La question est provocante, mais les provocations sont partout ! Tout dépend de la façon dont les outils sont amenés, pensés, pourquoi, pour qui, comment... Le colloque de Metz a traité le sujet sans l'épuiser.
« Journalisme et innovation », c'était le thème des troisièmes entretiens du webjournalisme organisé à l'université de Metz les 29 et 30 novembre 2012 par l'Observatoire dudit journalisme en ligne. On les doit notamment au directeur de la licence professionnelle « webjournalisme » de l'IUT info-com, Arnaud Mercier.

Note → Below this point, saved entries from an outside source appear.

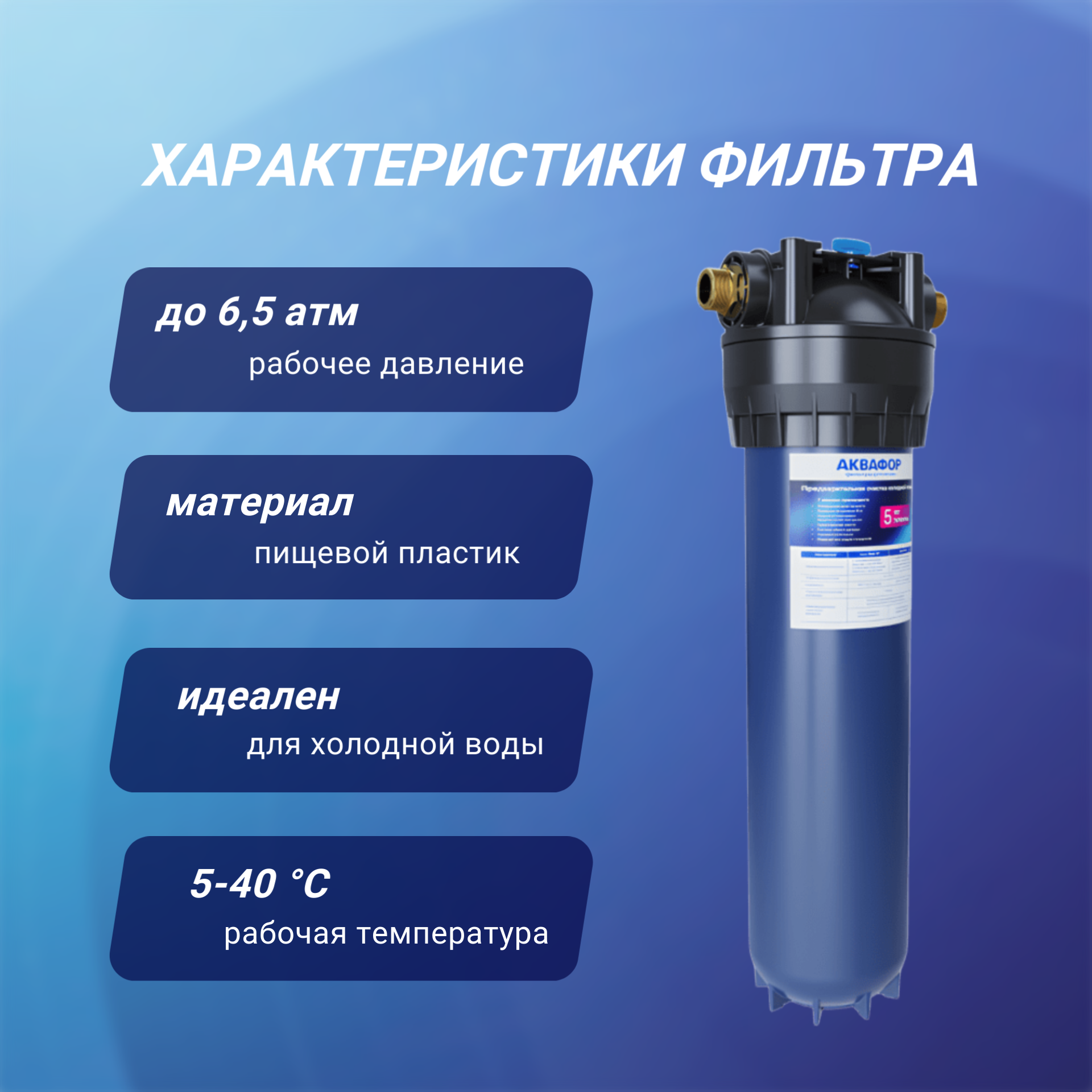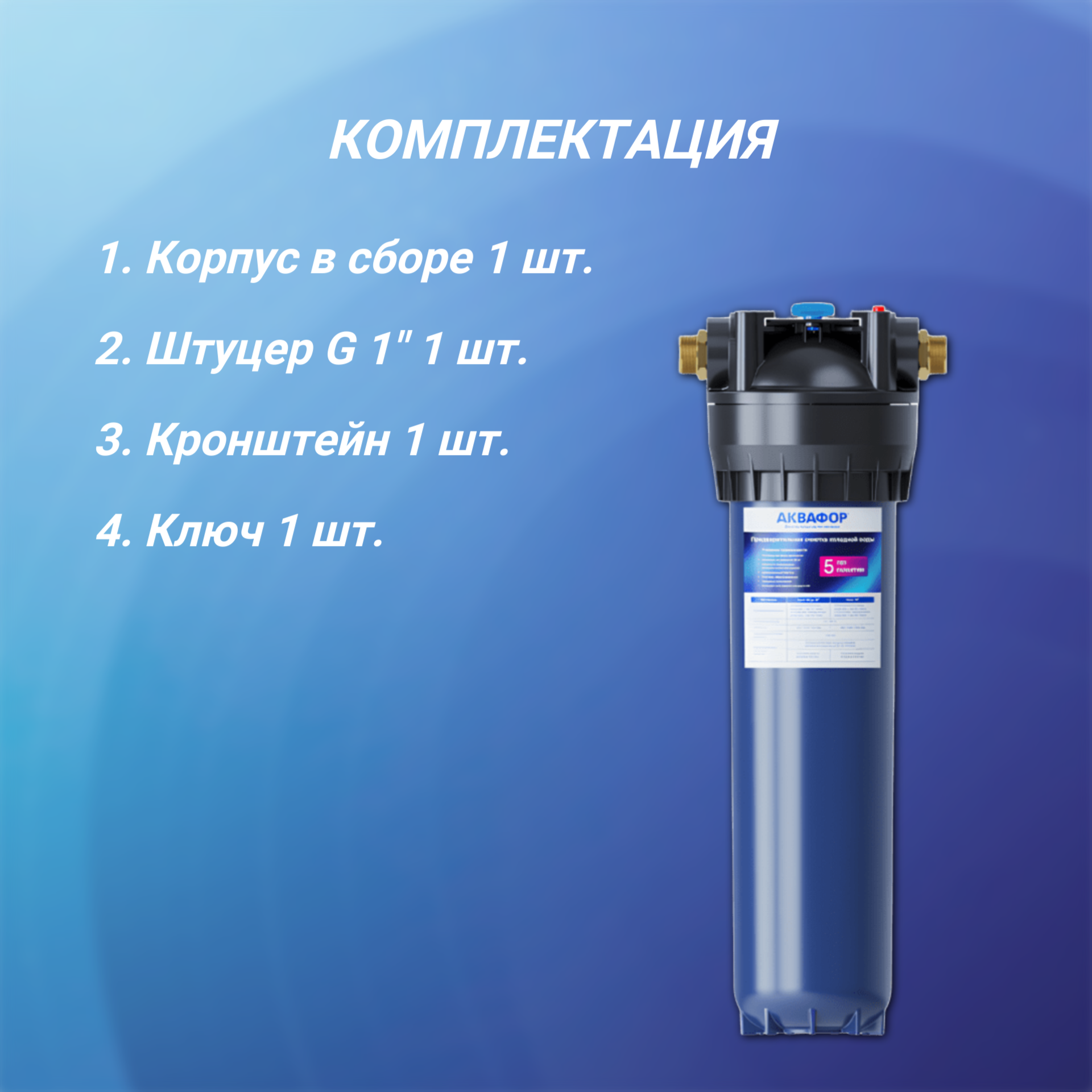 Корпус Аквафор Гросс Миди ВВ 20" для холодной воды соединение 1", синий информация:
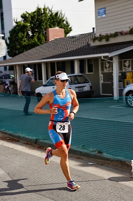 By this point, I was pretty certain that the two of us were racing for the overall win, but I had no idea what kind of runner she was. In light of that, I decided to stick with my original plan for the race: start out just under 7:00 mile pace, and speed up from there. The run course at Santa Cruz goes along a bike path, and it’s pretty easy to see who is ahead of you. The gap was a constant 30 seconds for the first half of the run.
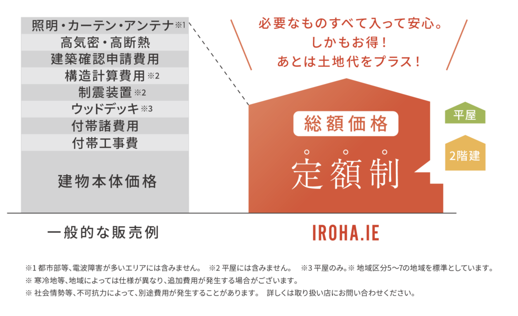 建物本体・付帯工事・各種保証・諸経費までを含めた定額制。
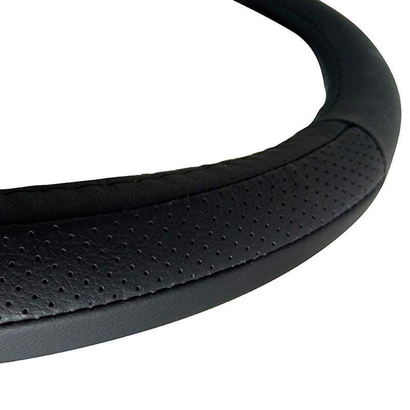 Κάλυμμα Τιμονιού Αυτοκινήτου Δερμάτινο Μαύρο-Μαύρο Medium 38cm
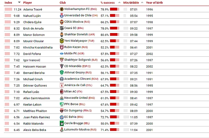 Возглавил список лучших дриблеров нападающий «Вулверхэмптона» Адама Траоре. Его индекс — 11,24 при 78,9% успешных обводок. Следом за ним расположился полузащитник «Универсидад де Чили» Науэль Лухан (9,68 и 57,1%). Замкнул тройку форвард ЦСКА Чидера Эджуке (9,29 и 66,2%).
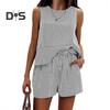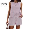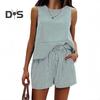 Acest set elegant din 2 piese este confecționat din poliester spandex respirabil și moale, fiind perfect pentru primăvară, vară și toamnă.. Designul cu dungi în culori solide este versatil și potrivit pentru diverse figuri și vârste.. Hanoracul casual are guler rotund și design fără mâneci, asigurând confort și stil..
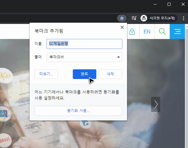 북마크에 추가하는 방법은 이미 알고 계시겠지만, 그래도 아쉬운 마음에 조금만 얘기를 해볼게요. 브라우저에 사이트를 띄운 상태에서 주소창 오른쪽에 보이는 별표 모양의 아이콘을 누르면 됩니다. 그럼 설정 화면이 나오는데, 적당히 설정값을 지정하고 저장을 해주세요.
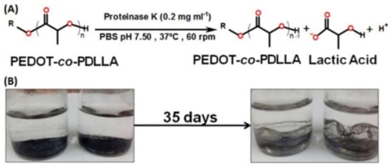 (A) Biodegradation Reaction and (B) Physical Aspects of PEDOT-co-PDLLA Films before and after 35 Days of Biodegradation Assay. Obtained from reference []. Copyright @ 2018, The Authors, ACS.
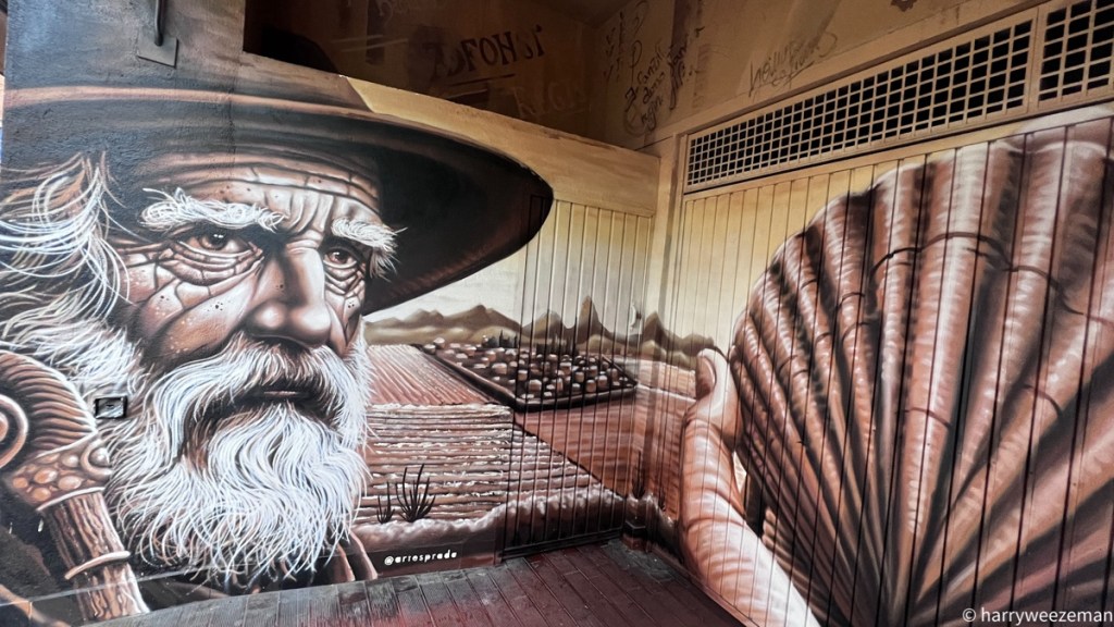 Weer een prachtig muurschildering van de Pelgrim met schelp.
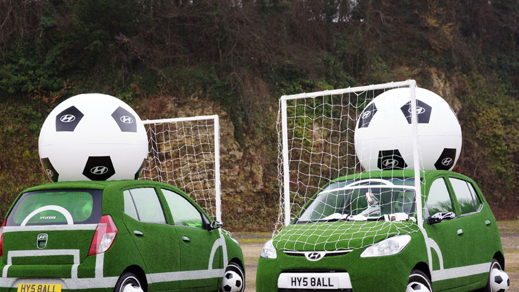 Piłkarskie mistrzostwa świata mają nie tylko oficjalne pojazdy. Angielski importer Hyundaia zbudował do celów marketingowych promujących tę imprezę dwa wyjątkowe auta. To Hyundaie i10, które zostały wcześniej rozbite podczas testów redakcyjnych jednego z brytyjskich magazynów motoryzacyjnych przez znanego dziennikarza Jeremy’ego Clarksona. Po modyfikacjach okazały się wyjątkowymi i niepowtarzalnymi egzemplarzami. Dach i nadwozie pokryte zostały 1,5-metrowym elementem nawierzchni boiska piłkarskiego. Koła, zamiast kołpaków, otrzymały połówki piłek, a na lusterkach pojawiły się buty piłkarskie. Każdy z tych dwóch egzemplarzy ma inne wnętrze, a ich motywy związane są z piłką nożną. Z okazji mistrzostw w wielu krajach pojawiły się w sprzedaży specjalne edycje samochodów Hyundaia z nadwoziem kremowym.
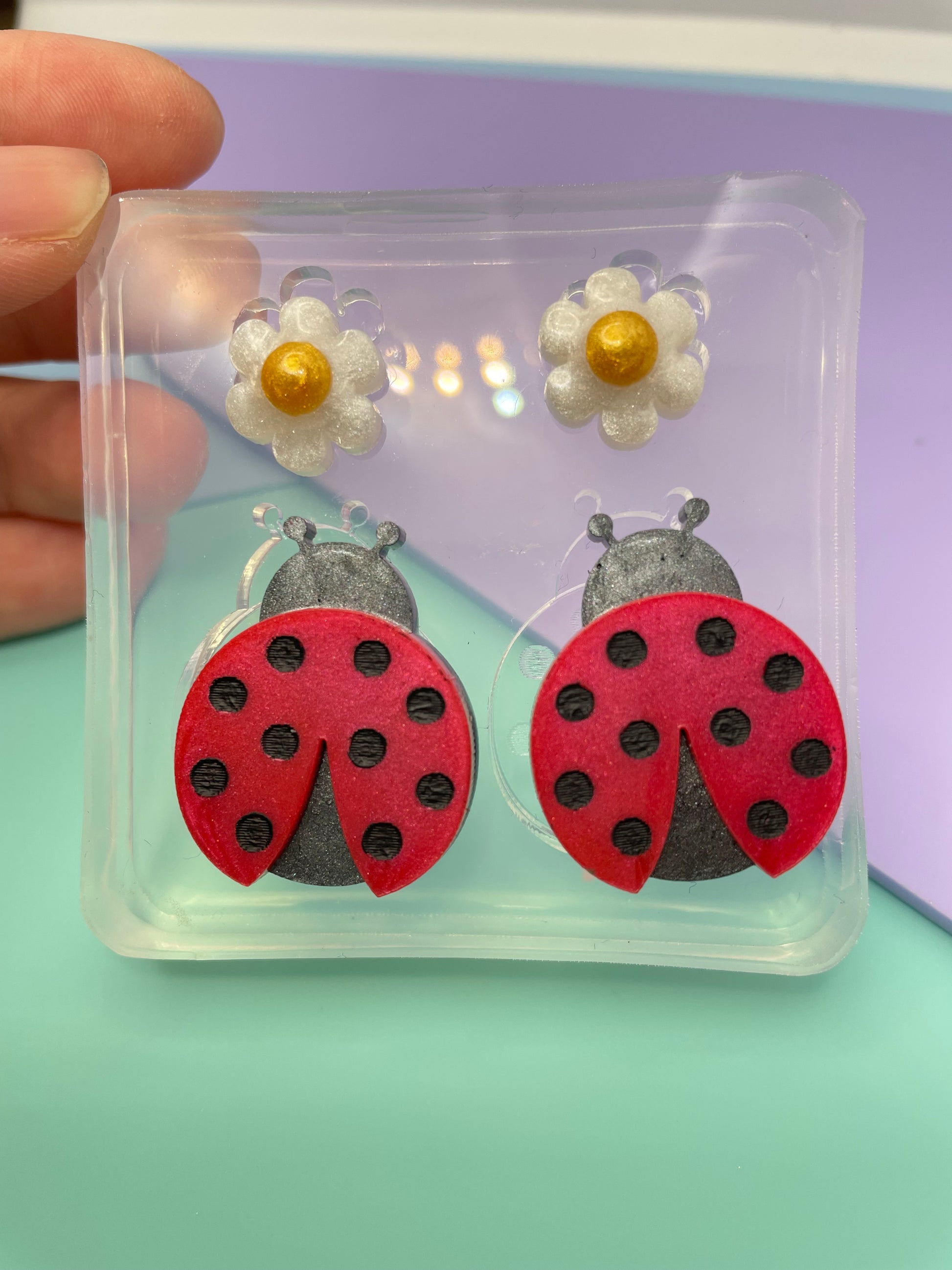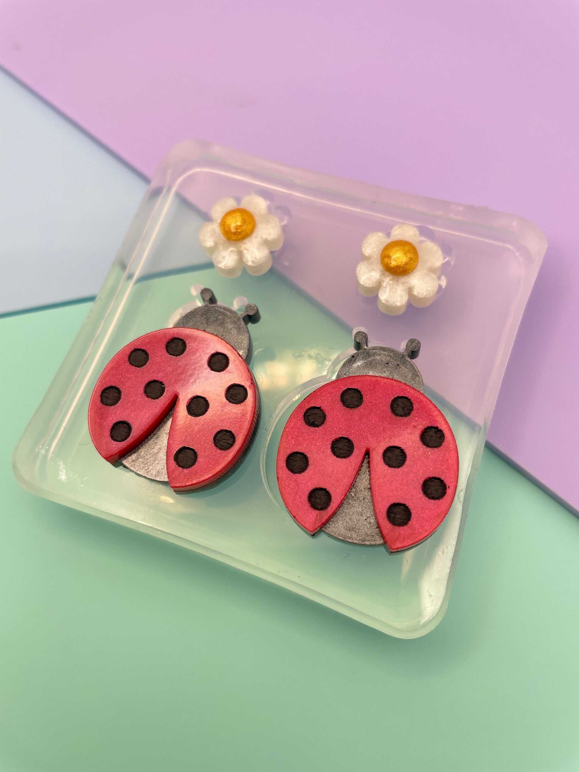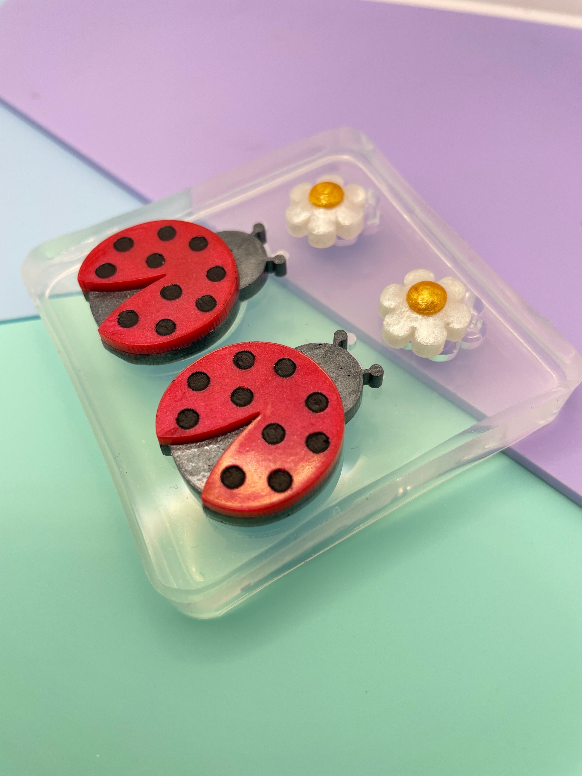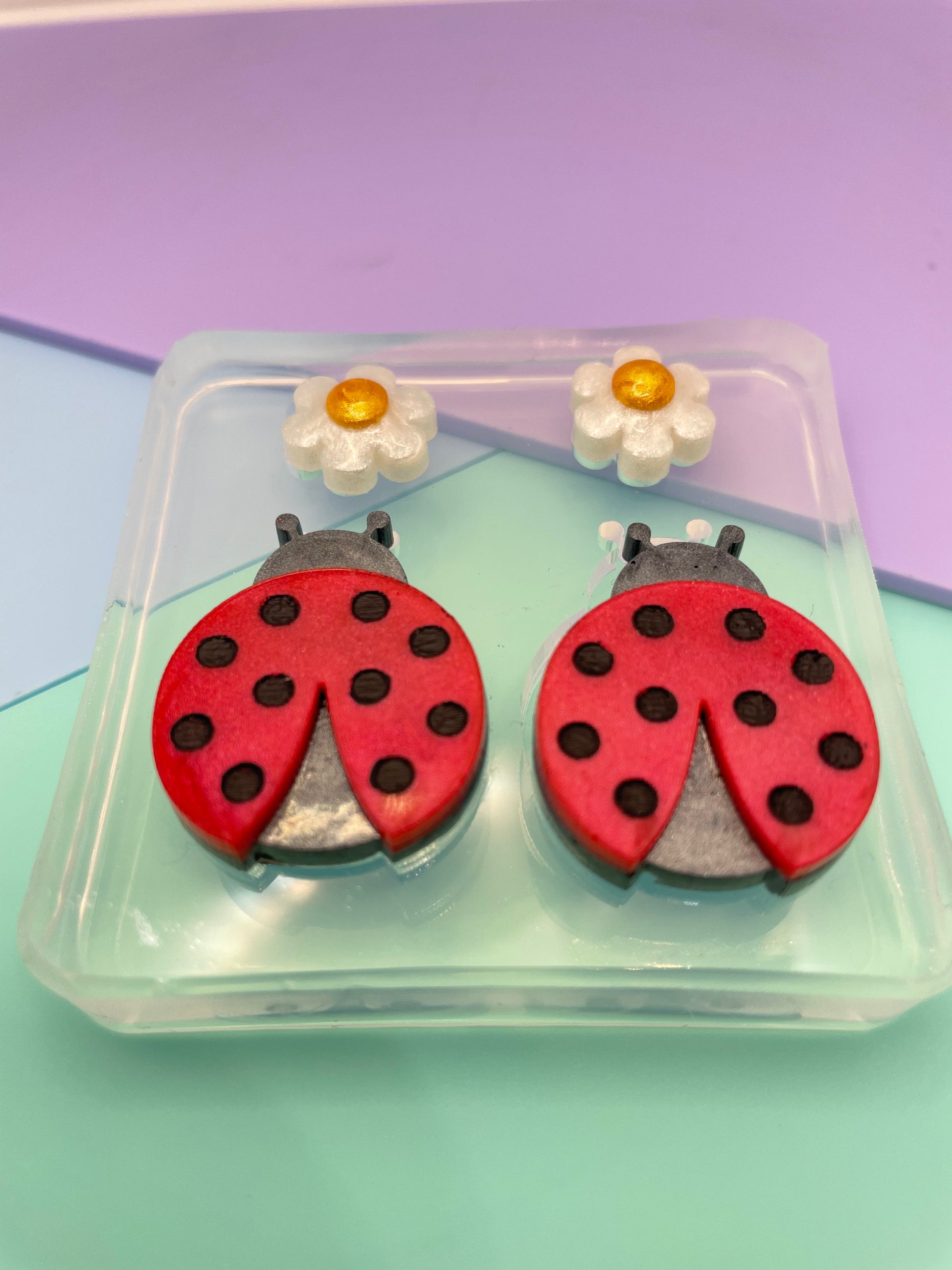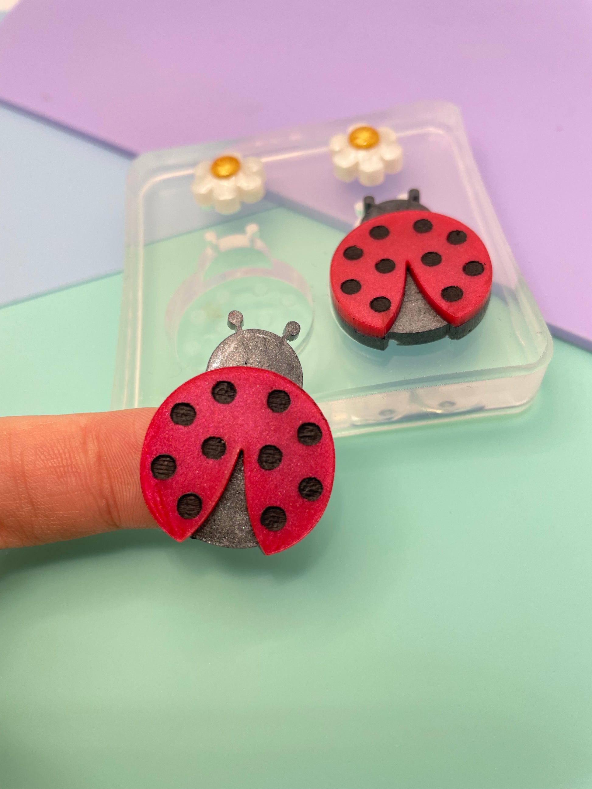 3 cm Ladybug Love bug Daisy Flower Brooch Dangle Earring Mold

C'est lui qui campe le décor conceptuel tout en disant d'où il cause : « Je dis à mes amis journalistes qu'ils ne sont plus seuls, que ce qu'ils vivent comme facteur de déstabilisation, les enseignants-chercheurs le vivent aussi avec les étudiants : je commence par la déontologie quand les miens twittent mes blagues de cours... » On le suit quand il énumère quelques définitions de l'innovation, de la « destruction créatrice » de Schumpeter, voire du « hasard créatif », aux « interactions groupes-environnement, aux fruits d'arrangements » mâtinés de « coopération et confiance entraînant anticipation, évaluation... » C'est beau comme de l'antique, mais il rappelle la sentence de Pasteur : « dans le champ de l'innovation, le hasard ne favorise que les esprits préparés ».
Les professionnels de la curiosité que sont les journalistes devraient sans doute l'être au moins autant que les autres, mais c'est sans compter la crise... Et ceux qui font de l'idéologie comme monsieur Jourdain, sans le savoir... On ne manque en effet pas de technophiles béats qui voient d'un oeil suspect ceux qui interrogent les inventions, et surtout leurs mises en oeuvre. Eric Scherer, qui avait ouvert le colloque, est de ceux-là. Directeur de la prospective et de la stratégie numérique à France Télévision, il fait table rase du passé à coups de poncifs bien formulés : « le journalisme n'est plus le seul au monde à dire qui il est ». Comme si cela avait un jour été vrai... Ou encore « les journalistes traditionnels sont avec l'écriture, comme le clergé lors de l'invention de la lecture : ils ont du mal à se voir piquer leurs outils ». Cela devient très contestable, et d'ailleurs contesté, lorsqu'il affirme que Twitter « est une agence de presse mondiale gratuite ». La contestation vient d'Eric Lagneau, journaliste à l'AFP et docteur en sociologie à Paris-Dauphine : « Non, Twitter n'est pas une agence car il n'y a pas de contrôle éditorial ». A Scherer qui contrattaque en assurant que « nos sources deviennent des médias (clubs de foot, marques, institutions...) », Lagneau rétorque : « c'est de la com ! » Mais Scherer veut avoir le dernier mot : « Il serait criminel de dire aux étudiants qu'il n'y a pas de débouchés hors des rédactions traditionnelles »... puis il parle de la « résistance au changement » qu'il a de ses yeux « vue », renchérissant à la question de Jean-Christophe Dupuis-Raymond, en charge du site de France3 Lorraine : « comment faire travailler sur le web des journalistes qui n'en ont pas envie ».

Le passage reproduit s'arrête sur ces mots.